Consistently faster and smaller compressed bitmaps with Roaring (2016)

o11c 8 months ago

Title is confusing: this is not about the original "Roaring", but an extension of it called "Roaring+Run".

Here, "bitmap" = "set of sometimes-compact integers". The "uncompressed" and several "rle" implementations are obvious. Hm, except this only seems to be talking about a particularly-naive RLE approach (suitable for storage but not computation)? If you're doing computation I expect you to use absolute offsets rather than relative ones which means you can just do binary search (the only downside of this is that you can't use variable-length integers now).

Roaring is just a fixed 2-level trie, where the outer node is always an array of pointers and where the inner nodes can be either uncompressed bitvectors (if dense) or an array of low-half integers (if sparse). Also, it only works for 32-bit integers at a fundamental level; significant changes are needed for 64-bit integers.

This paper adds a third representation for the inner node, the bsearch'able absolute RLE method I mentioned earlier (before even reading the paper beyond the abstract).

Overall there's neither anything novel nor anything particularly exciting about this paper, but if you ignore all the self-congratulations it might work as a decent intro to the subject? Except maybe not since there are a lot of things it fails to mention (the ping-pong problem, deduplicated tries, the approach of using a separate set for sparse values in the same range, the "overall sparse but locally semi-dense" representation that uses fixed-size single-word bitsets, ...)

Drup 8 months ago

You seem well versed into that corner. Do you have a good (and reasonably complete) introduction/exploration for these memory-efficient data-structure for computation ?
I've been working on memory representation of algebraic data types quite a bit, and I've always wondered if we could combine them with succinct data-structures.
- pram 8 months ago
  
  Theres actually a whole website about it! I found it useful when I was doing deeper research into ElasticSearch: https://roaringbitmap.org

softwaredoug 8 months ago

Roaring bitmaps are really useful for doing phrase search in search engines.

Basically you can find cases where one term is immediately before another by left shifting the right terms roaring encoded positions in all documents and bitwise-anding the similarly roaring-encoded payload of the preceding term.
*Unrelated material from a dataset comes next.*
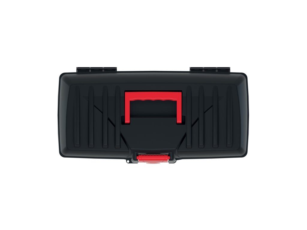 - Organizator z odlagalnimi predali: Vgrajen organizer vam omogoča, da pregledno shranjujete in razvrščate majhne dele, kot so vijaki, matice, žeblji ali drobnarije, ki bi se sicer lahko izgubile v množici orodja.

All with a highly compressed representation of term positions.

With something like numpy you can do this in a handful of logical operations in python.

https://softwaredoug.com/blog/2024/01/21/search-array-phrase...

pncnmnp 8 months ago

Hey everyone, if you're looking for a more approachable guide on bitmap compression, I wrote a blog post on it this year: https://pncnmnp.github.io/blogs/roaring-bitmaps.html. It covers run-length encoding, BBC, WAH, Concise, and even Roaring Bitmaps.

skybrian 8 months ago

That’s a good read, thanks! The history is interesting, but in practice, I’m wondering if there’s any reason not to skip it and just learn about roaring bitmaps?
- pncnmnp 8 months ago
  
  Absolutely! For inspiration on how roaring bitmaps can be used in practice, check out https://roaringbitmap.org/. The blog post is part of a book I am writing on obscure data structures (https://pncnmnp.github.io/blogs/dsa-book.html), so explaining the history was a way to dive into the evolution of this topic and the limitations of each implementation, in order to motivate a SOTA.

rurban 8 months ago

I found them consistently slower in unary unicode tables, with sizes from 1.000 to 30.000. Binary search and hashtables were both better.

The reason might be that ordered search tables and perfect hashtables can be dumped to C code statically, roaring not, so there is the dynamic alloc and deserialization overhead.